Chatting: the Bishop of London and the Archbishop of Kenya GAFCON

Chatting: the Bishop of London and the Archbishop of Kenya GAFCON

THE Anglican Mission in England (AMiE), a conservative Evangelical group launched last year (News, 1 July 2011), is “ready to extend” its ministry, the chairman of the Fellowship of Confessing Anglicans’ (FCA’s) UK Panel of Bishops, the Rt Revd John Ellison, said last week.

The AMiE, a registered mission society, has a panel of bishops which offers alternative episcopal oversight when diocesan bishops are considered to be failing to uphold “orthodox” teaching.

In a statement read out at a meeting at the Emmanuel Centre, Westminster, on Thursday evening of last week, Bishop Ellison said: “The Primates of the FCA have assured us that . . . those who might otherwise have been under pressure to leave the Church of England can remain within the family of global Anglicanism, and be recognised by that body as faithful to the Church of England itself.”

Bishop Ellison said that the AMiE was “ready to extend” its ministry “and to expand its panel of bishops accordingly.” He invited parish incumbents “who affirm the Jerusalem Declaration” to meet on 27 June.

In an address to the Westminster meeting, Dr Wabukala said that the ordinations last year had been “a last resort, after four years of discussion with senior Anglican leaders in England failed to find a way in which those genuinely in need of effective orthodox oversight in the Church of England could receive it”.

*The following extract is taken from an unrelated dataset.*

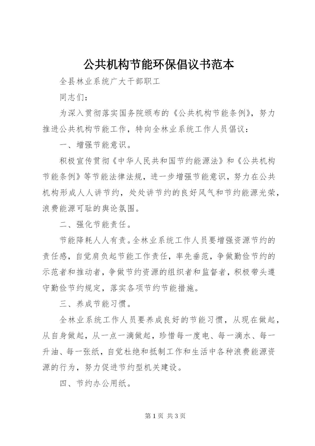 第PAGE\*Arabic\*MERGEFORMAT3页共NUMPAGES\*MERGEFORMAT3页公共机构节能环保倡议书范本全县林业系统广大干部职工同志们:为深入贯彻落实国务院颁布的《公共机构节能条例》,努力推进公共机构节能工作,特向全林业系统工作人员倡议:一、增强节能意识。积极宣传贯彻《中华人民共和国节约能源法》和《公共机构节能条例》等节能法律法规,进一步增强节能意识,努力在公共机构形成人人讲节约,处处讲节约的良好风气和节约能源光荣,浪费能源可耻的舆论氛围。二、强化节能责任。节能降耗人

In contrast to North America, he said, there had been “a reluctance [in the UK] to go to law against those who are seen as dissidents in the Church — although I do not think you can assume that will always be the case”.

Speaking on Radio 4’s Sunday programme this week, Bishop Ellison said: “If people of firm conviction who are orthodox Anglicans are increasingly marginalised in the Church of England, we want them to know that they are truly Anglican, and have an honoured place in the Church of England at its best.”